<<<<

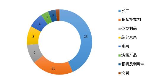 圖2 2017年第一季度FDA拒絕進(jìn)口的廣東農(nóng)食產(chǎn)品種類分布
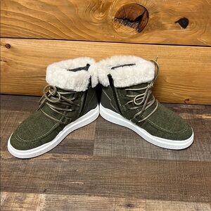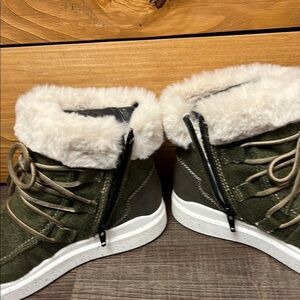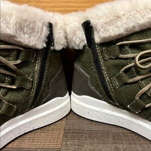 Warm green boots featuring a plush fur trim and lace-up design. Ideal for winter wear.
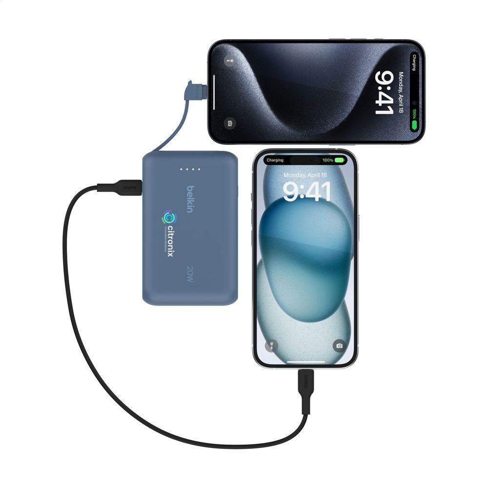 Ontdek deze duurzame powerbank van Belkin als ideaal gepersonaliseerd relatiegeschenk voor jouw events en marketingacties. Je klanten laden moeiteloos hun apparaten op dankzij de geïntegreerde USB-C-kabel en extra poort, met snelladen tot 20W voor twee toestellen tegelijk.
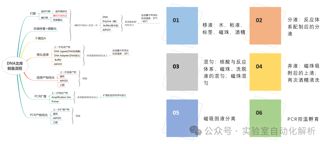 NIPT的检测流程通常涵盖以下步骤:(1)血液样本的采集与保存;(2)血浆分离,即血液样本的前处理,从全血样本中分离得到上层血浆;(3)DNA提取,即从血浆中提取核酸;(4)文库构建,通常遵循全基因组文库的构建流程;(5)文库质控,确保文库的可靠性;(6)Pooling,即将不同的DNA文库按照一定的规则进行混合;(7)上机测序,即将混合后的pooling文库进行测序操作,从而降低测序成本,提高测序通量;(8)生物信息学分析,即对测序结果进行数据分析。这一系列精确而有序的操作确保了检测的准确性和高效性。 在实验室常规处理流程中,主要包括以下几个环节:血浆分离、DNA提取、文库构建、文库质控、Pooling,随后是上机测序和生物信息学分析。在这些环节中,上机测序前的步骤通常被统称为“湿实验”,这些环节对自动化的需求尤为迫切。 血浆分离 血浆,作为抗凝全血经过离心后获得的上层清液,富含纤维蛋白原及其他凝血因子。由于其保留了血液成分的原始状态,并且产量优于血清,血浆在血液成分检测领域得到了广泛应用。这一特性使得血浆成为临床诊断和研究中的重要样本类型。 为了进行血浆中游离核酸的测序,所需的血浆必须高度纯净,避免母体基因组DNA的干扰。因此,在血浆分离过程中,必须严格避免接触白膜层。同时,为了确保实验的顺利进行,所需的血浆量相对较大,通常需达到500μL-1mL以上(因此,在血浆分离和提取阶段,操作通常采用离心管进行。而到了文库构建环节,由于所需体系体积较小,PCR管成为更合适的选择。这一转换过程,从大体积离心管到小体积PCR管的操作,可能会为实验人员带来一定的操作不便)。 一般推荐的血浆分离方法是两步离心法。孕妇外周血在4℃条件下进行1600× 分离完的血浆样本可在-20℃暂存1周,应避免反复冻融,可在-70℃以下长期保存。此步骤操作应双人复核标本信息。正常血浆呈透亮的黄色或淡黄色,无明显溶血;如有严重溶血或颜色异常等情形,须登记注明标本状态并重新采血。 痛点分析 在血浆分离过程中,为确保游离核酸测序结果的精确性,必须获得高度纯净的血浆,避免母体基因组DNA的污染。这一过程要求操作人员极为细心,严格避免触及白膜层,这是一项对技术熟练度有较高要求的专业操作,对于初学者而言,具有一定的挑战性。 自动化解决方案 在当前自动化血液样本组分分装领域,已知的有Hamilton EasyBlood高分辨成像血液分装系统,它专长于对离心后的全血样本进行血浆和白膜层的自动识别与分装。此外,Hamilton EasyBlood系统具备与自动化开盖机和二维码阅读模块(Hamilton LabElite IDCapper)的无缝整合能力,能够实现血液样本管条码识别、分层界面识别、吸取、分装、留样以及开关盖等操作的全面自动化。 这款设备我尚未亲自体验,非常欢迎那些已经使用过的朋友们留下您的宝贵意见,分享您的使用体验。 在处理大批量样本时,人工开启样本管盖的操作不仅繁琐,而且极为耗时。因此,采用自动化仪器进行样本管的自动开盖,能够显著提升工作效率,成为更为理想的选择。另外,自动化操作流程中,将血浆直接分装至深孔板,可简化后续的提取步骤,提高实验操作的便捷性和效率。尽管如此,剩余的样本仍需分装至EP管中,以便进行妥善保存。 DNA提取 DNA提取技术多样化,在市场上广泛应用的提取方法主要有磁珠法、硅胶膜离心柱法等。其中,磁珠法在核酸提取过程中表现出较高的自动化兼容性,使得操作更加便捷和高效。 正如新型冠状病毒肺炎诊疗中新型冠状病毒核酸检测通量高、时效性要求高的特点,对核酸提取技术提出了新的要求——高效、便捷、大通量,原有的手工提取核酸的方法,已经很难满足大规模、高通量的实验要求,在这种背景下,自动化核酸提取应运而生。 磁珠法自动核酸提取技术已达到高度成熟,根据移液特点主要分为磁棒法和移液法两种类型,前者转移的是磁珠,后者转移的是液体。 磁棒法自动核酸提取仪相对应用较多。以ThermoFisher KingFisher Flex系统为例,该设备利用特质的一次性磁套和磁棒进行操作,每批次能够高效处理24至96个样本。 操作流程包括将样本与功能化磁珠及试剂混合后,均匀分配至板孔中。在启动运行时,系统会自动装载磁套。仪器通过磁力作用从溶液中捕获磁珠,随后将其精准释放至含有下一步分离所需试剂的板孔内。这种磁珠的收集与转移机制,确保了洗涤过程的高效性、洗脱步骤的快速性以及整个处理流程的顺畅性。 相对于移液法,磁棒法的优点在于:(1)每一步的液体不会残留,因为磁棒只带走磁珠,然后转移到下一个步骤相应的反应孔中;(2)其编程简单,易维护,机器设备成本更低。 缺点就是不能将手动法磁珠提取试剂直接拿来使用,而需要根据机器特点优化试剂操作。 移液法自动核酸提取仪主要通过移液工作站来实现,如Beckman, Tecan, Hamilton等设备,它利用移液器精确转移液体,以完成核酸的分离与纯化。 相较于磁棒法,移液法的优势体现在:(1)移液过程中有效避免了液体滴落导至的交叉污染;(2)兼容多种磁珠法核酸提取试剂,几乎所有适用于手工操作的试剂均可在该类设备上使用。 然而,这种技术也存在一些不足之处:(1)容易在设备中残留废液,残留的洗涤液中的盐分和乙醇/异丙醇可能会影响后续的洗脱效率和PCR反应的成功率;(2)操作时间相对较长;(3)需要专业的编程和维护,导至设备成本较高,同时移液
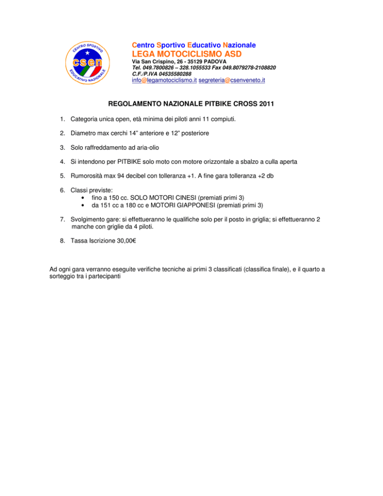 Centro Sportivo Educativo Nazionale LEGA MOTOCICLISMO ASD Via San Crispino, 26 - 35129 PADOVA Tel. 049.7800826 – 328.1055533 Fax 049.8079278-2108820 C.F./P.IVA 04535580288 [email protected] [email protected] REGOLAMENTO NAZIONALE PITBIKE CROSS 2011 1. Categoria unica open, età minima dei piloti anni 11 compiuti. 2. Diametro max cerchi 14” anteriore e 12” posteriore 3. Solo raffreddamento ad aria-olio 4. Si intendono per PITBIKE solo moto con motore orizzontale a sbalzo a culla aperta 5. Rumorosità max 94 decibel con tolleranza +1. A fine gara tolleranza +2 db 6. Classi previste: • fino a 150 cc. SOLO MOTORI CINESI (premiati primi 3) • da 151 cc a 180 cc e MOTORI GIAPPONESI (premiati primi 3) 7. Svolgimento gare: si effettueranno le qualifiche solo per il posto in griglia; si effettueranno 2 manche con griglie da 4 piloti. 8. Tassa Iscrizione 30,00€ Ad ogni gara verranno eseguite verifiche tecniche ai primi 3 classificati (classifica finale), e il quarto a sorteggio tra i partecipanti

>>>>

Exercise instructions: In the copy you write, the data above must appear exactly, with no pictures.

Answer for the task:
 圖2 2017年第一季度FDA拒絕進(jìn)口的廣東農(nóng)食產(chǎn)品種類分布
 Warm green boots featuring a plush fur trim and lace-up design. Ideal for winter wear.
 Ontdek deze duurzame powerbank van Belkin als ideaal gepersonaliseerd relatiegeschenk voor jouw events en marketingacties. Je klanten laden moeiteloos hun apparaten op dankzij de geïntegreerde USB-C-kabel en extra poort, met snelladen tot 20W voor twee toestellen tegelijk.
 NIPT的检测流程通常涵盖以下步骤:(1)血液样本的采集与保存;(2)血浆分离,即血液样本的前处理,从全血样本中分离得到上层血浆;(3)DNA提取,即从血浆中提取核酸;(4)文库构建,通常遵循全基因组文库的构建流程;(5)文库质控,确保文库的可靠性;(6)Pooling,即将不同的DNA文库按照一定的规则进行混合;(7)上机测序,即将混合后的pooling文库进行测序操作,从而降低测序成本,提高测序通量;(8)生物信息学分析,即对测序结果进行数据分析。这一系列精确而有序的操作确保了检测的准确性和高效性。 在实验室常规处理流程中,主要包括以下几个环节:血浆分离、DNA提取、文库构建、文库质控、Pooling,随后是上机测序和生物信息学分析。在这些环节中,上机测序前的步骤通常被统称为“湿实验”,这些环节对自动化的需求尤为迫切。 血浆分离 血浆,作为抗凝全血经过离心后获得的上层清液,富含纤维蛋白原及其他凝血因子。由于其保留了血液成分的原始状态,并且产量优于血清,血浆在血液成分检测领域得到了广泛应用。这一特性使得血浆成为临床诊断和研究中的重要样本类型。 为了进行血浆中游离核酸的测序,所需的血浆必须高度纯净,避免母体基因组DNA的干扰。因此,在血浆分离过程中,必须严格避免接触白膜层。同时,为了确保实验的顺利进行,所需的血浆量相对较大,通常需达到500μL-1mL以上(因此,在血浆分离和提取阶段,操作通常采用离心管进行。而到了文库构建环节,由于所需体系体积较小,PCR管成为更合适的选择。这一转换过程,从大体积离心管到小体积PCR管的操作,可能会为实验人员带来一定的操作不便)。 一般推荐的血浆分离方法是两步离心法。孕妇外周血在4℃条件下进行1600× 分离完的血浆样本可在-20℃暂存1周,应避免反复冻融,可在-70℃以下长期保存。此步骤操作应双人复核标本信息。正常血浆呈透亮的黄色或淡黄色,无明显溶血;如有严重溶血或颜色异常等情形,须登记注明标本状态并重新采血。 痛点分析 在血浆分离过程中,为确保游离核酸测序结果的精确性,必须获得高度纯净的血浆,避免母体基因组DNA的污染。这一过程要求操作人员极为细心,严格避免触及白膜层,这是一项对技术熟练度有较高要求的专业操作,对于初学者而言,具有一定的挑战性。 自动化解决方案 在当前自动化血液样本组分分装领域,已知的有Hamilton EasyBlood高分辨成像血液分装系统,它专长于对离心后的全血样本进行血浆和白膜层的自动识别与分装。此外,Hamilton EasyBlood系统具备与自动化开盖机和二维码阅读模块(Hamilton LabElite IDCapper)的无缝整合能力,能够实现血液样本管条码识别、分层界面识别、吸取、分装、留样以及开关盖等操作的全面自动化。 这款设备我尚未亲自体验,非常欢迎那些已经使用过的朋友们留下您的宝贵意见,分享您的使用体验。 在处理大批量样本时,人工开启样本管盖的操作不仅繁琐,而且极为耗时。因此,采用自动化仪器进行样本管的自动开盖,能够显著提升工作效率,成为更为理想的选择。另外,自动化操作流程中,将血浆直接分装至深孔板,可简化后续的提取步骤,提高实验操作的便捷性和效率。尽管如此,剩余的样本仍需分装至EP管中,以便进行妥善保存。 DNA提取 DNA提取技术多样化,在市场上广泛应用的提取方法主要有磁珠法、硅胶膜离心柱法等。其中,磁珠法在核酸提取过程中表现出较高的自动化兼容性,使得操作更加便捷和高效。 正如新型冠状病毒肺炎诊疗中新型冠状病毒核酸检测通量高、时效性要求高的特点,对核酸提取技术提出了新的要求——高效、便捷、大通量,原有的手工提取核酸的方法,已经很难满足大规模、高通量的实验要求,在这种背景下,自动化核酸提取应运而生。 磁珠法自动核酸提取技术已达到高度成熟,根据移液特点主要分为磁棒法和移液法两种类型,前者转移的是磁珠,后者转移的是液体。 磁棒法自动核酸提取仪相对应用较多。以ThermoFisher KingFisher Flex系统为例,该设备利用特质的一次性磁套和磁棒进行操作,每批次能够高效处理24至96个样本。 操作流程包括将样本与功能化磁珠及试剂混合后,均匀分配至板孔中。在启动运行时,系统会自动装载磁套。仪器通过磁力作用从溶液中捕获磁珠,随后将其精准释放至含有下一步分离所需试剂的板孔内。这种磁珠的收集与转移机制,确保了洗涤过程的高效性、洗脱步骤的快速性以及整个处理流程的顺畅性。 相对于移液法,磁棒法的优点在于:(1)每一步的液体不会残留,因为磁棒只带走磁珠,然后转移到下一个步骤相应的反应孔中;(2)其编程简单,易维护,机器设备成本更低。 缺点就是不能将手动法磁珠提取试剂直接拿来使用,而需要根据机器特点优化试剂操作。 移液法自动核酸提取仪主要通过移液工作站来实现,如Beckman, Tecan, Hamilton等设备,它利用移液器精确转移液体,以完成核酸的分离与纯化。 相较于磁棒法,移液法的优势体现在:(1)移液过程中有效避免了液体滴落导至的交叉污染;(2)兼容多种磁珠法核酸提取试剂,几乎所有适用于手工操作的试剂均可在该类设备上使用。 然而,这种技术也存在一些不足之处:(1)容易在设备中残留废液,残留的洗涤液中的盐分和乙醇/异丙醇可能会影响后续的洗脱效率和PCR反应的成功率;(2)操作时间相对较长;(3)需要专业的编程和维护,导至设备成本较高,同时移液
 Centro Sportivo Educativo Nazionale LEGA MOTOCICLISMO ASD Via San Crispino, 26 - 35129 PADOVA Tel. 049.7800826 – 328.1055533 Fax 049.8079278-2108820 C.F./P.IVA 04535580288 [email protected] [email protected] REGOLAMENTO NAZIONALE PITBIKE CROSS 2011 1. Categoria unica open, età minima dei piloti anni 11 compiuti. 2. Diametro max cerchi 14” anteriore e 12” posteriore 3. Solo raffreddamento ad aria-olio 4. Si intendono per PITBIKE solo moto con motore orizzontale a sbalzo a culla aperta 5. Rumorosità max 94 decibel con tolleranza +1. A fine gara tolleranza +2 db 6. Classi previste: • fino a 150 cc. SOLO MOTORI CINESI (premiati primi 3) • da 151 cc a 180 cc e MOTORI GIAPPONESI (premiati primi 3) 7. Svolgimento gare: si effettueranno le qualifiche solo per il posto in griglia; si effettueranno 2 manche con griglie da 4 piloti. 8. Tassa Iscrizione 30,00€ Ad ogni gara verranno eseguite verifiche tecniche ai primi 3 classificati (classifica finale), e il quarto a sorteggio tra i partecipanti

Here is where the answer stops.